◆ SUPPLIED INFORMATION ◆
Content starts

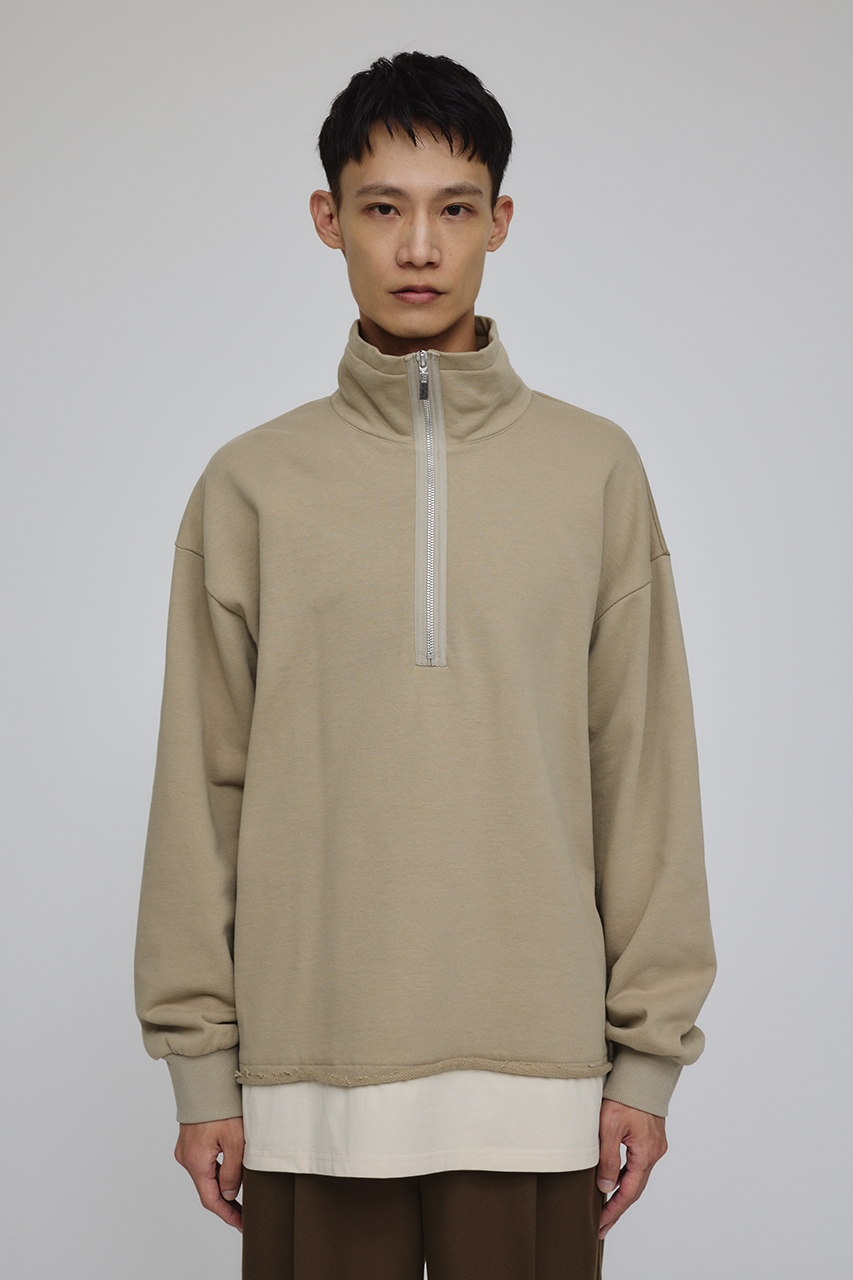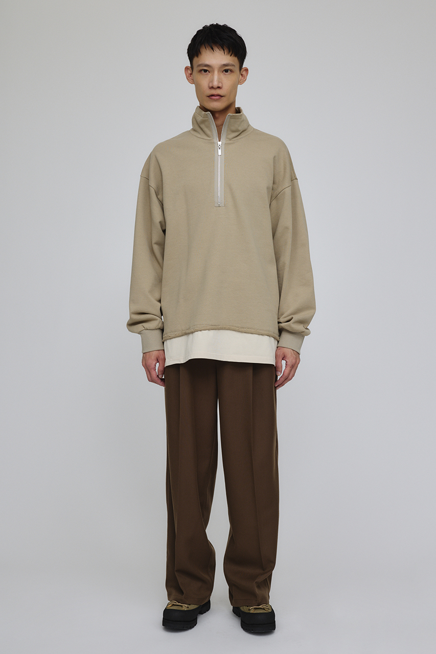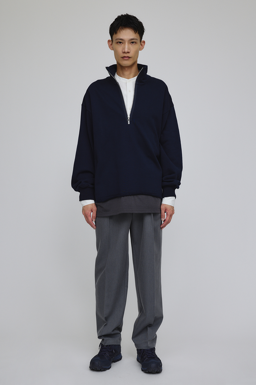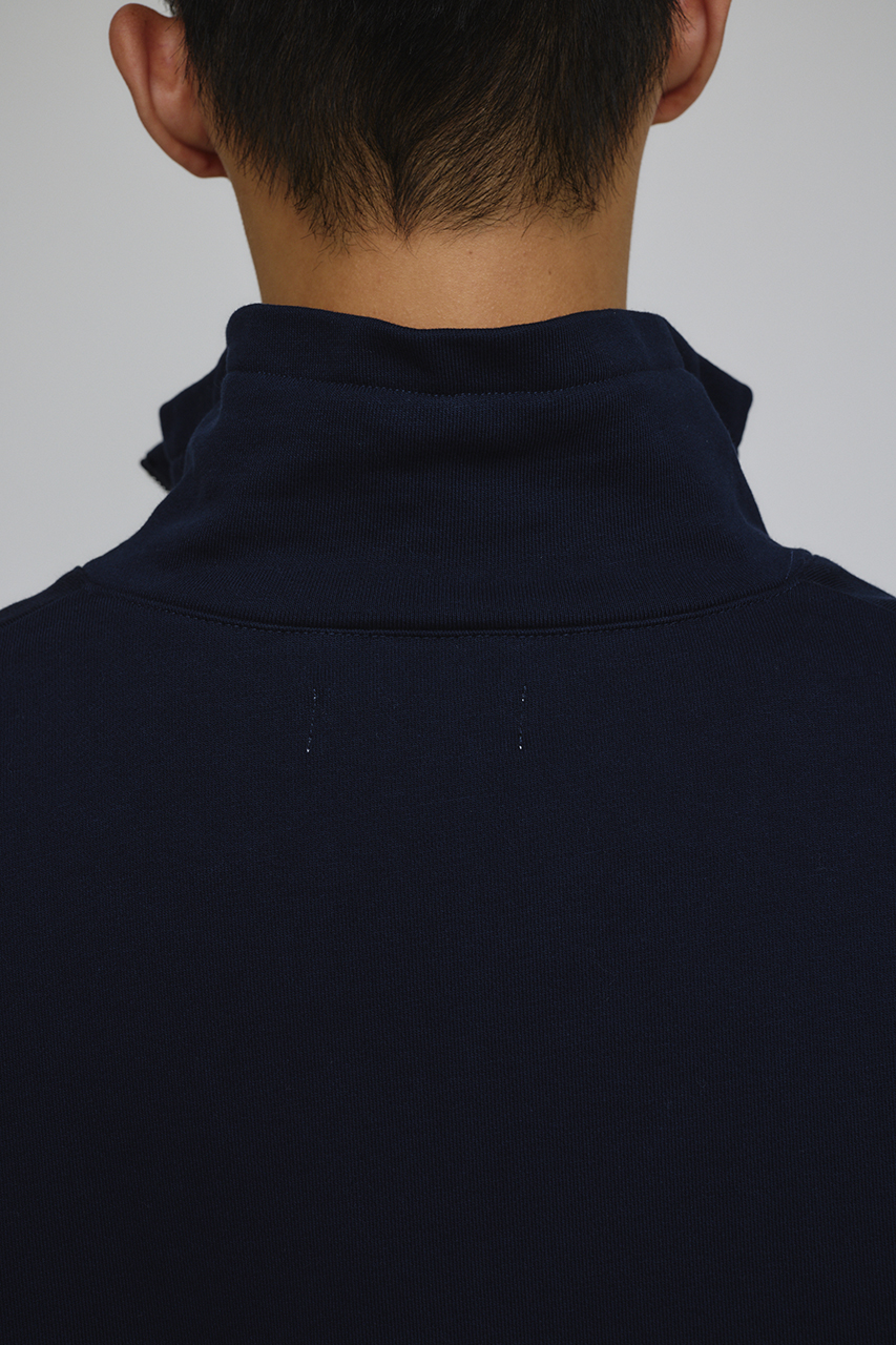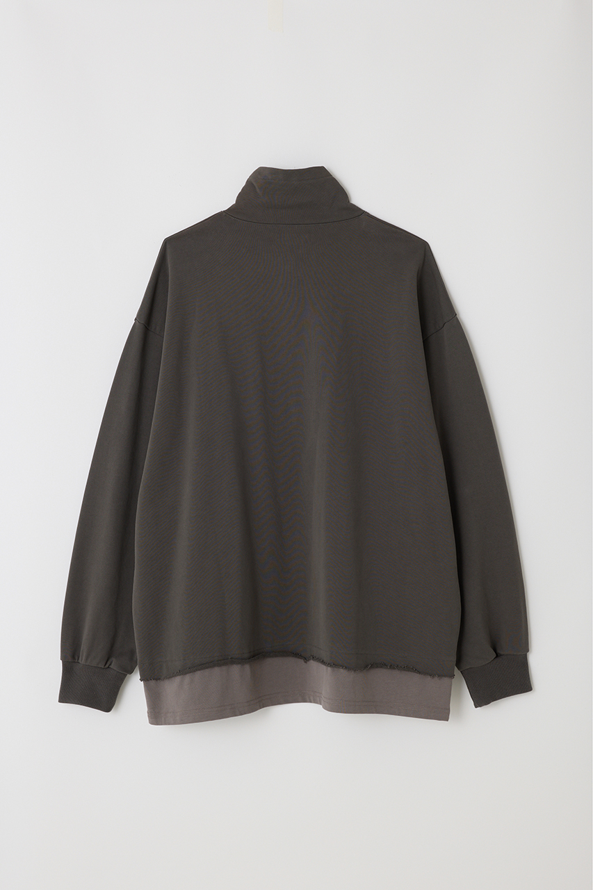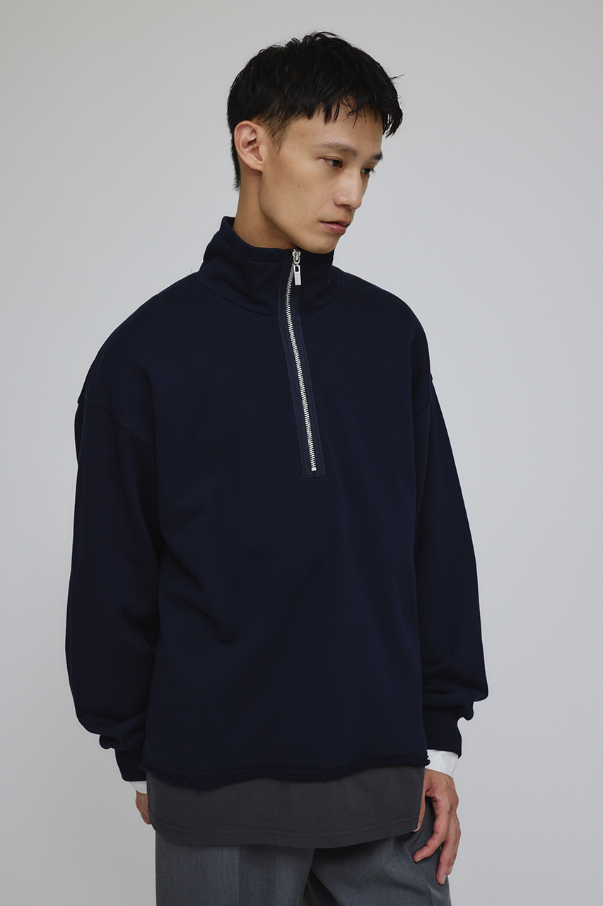 程良い厚みの綿100%裏毛を使用したハーフジップスウェット。あえての長めのファスナーテープを表使いにする事でリメイク風な雰囲気をプラス。裾はTシャツと同じ天竺素材を重ね付け。程良い切り替えのアクセントでレイヤード風に仕上げています。ストレッチあり、透け感なし。【お手入れ方法】マシンウォッシュ可
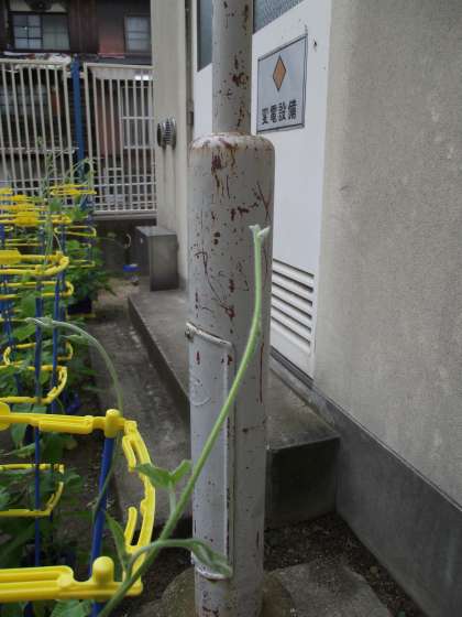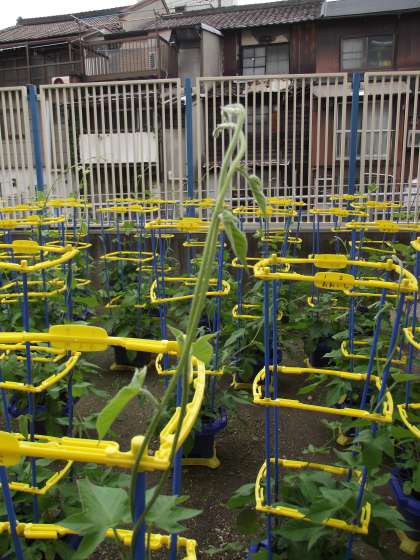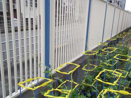 蔓は順調にのびています。となりの鉄柱に巻きつくのか、学校のフェンスに巻きついていくのか、あるいはとなりの子の支柱からまたとなりの子の支柱へと延々巻きつくのか。さあ、子どもたちがどう判断して対処するか楽しみです。
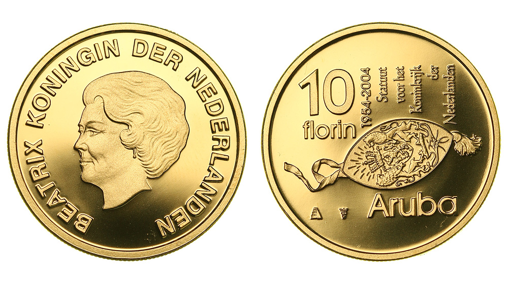 Аруба. Беатрикс. 10 флоринов 2004 года. Proof.
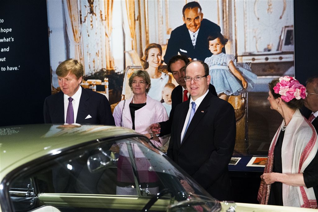 De prins, voor een tweedaags officieel bezoek in Nederland, nam koning Willem-Alexander mee voor een rondleiding door de expositievleugel van het paleis, waar de bij filmstudio MGM ontworpen en gemaakte trouwjurk van Grace een van de topstukken is. Er zijn filmposters, uitnodigingen voor de Oscar-uitreiking, en filmclips van de Hollywood-loopbaan van de in Philadelphia geboren Grace Kelly.

Content ends

◆ TASK INSTRUCTIONS ◆
Transcribe the lines that run from the line bearing "蔓は順調にのびています。とな" through the last line of the data. Keep the wording exact and leave out every picture.

◆ THE ANSWER ◆
 蔓は順調にのびています。となりの鉄柱に巻きつくのか、学校のフェンスに巻きついていくのか、あるいはとなりの子の支柱からまたとなりの子の支柱へと延々巻きつくのか。さあ、子どもたちがどう判断して対処するか楽しみです。
 Аруба. Беатрикс. 10 флоринов 2004 года. Proof.
 De prins, voor een tweedaags officieel bezoek in Nederland, nam koning Willem-Alexander mee voor een rondleiding door de expositievleugel van het paleis, waar de bij filmstudio MGM ontworpen en gemaakte trouwjurk van Grace een van de topstukken is. Er zijn filmposters, uitnodigingen voor de Oscar-uitreiking, en filmclips van de Hollywood-loopbaan van de in Philadelphia geboren Grace Kelly.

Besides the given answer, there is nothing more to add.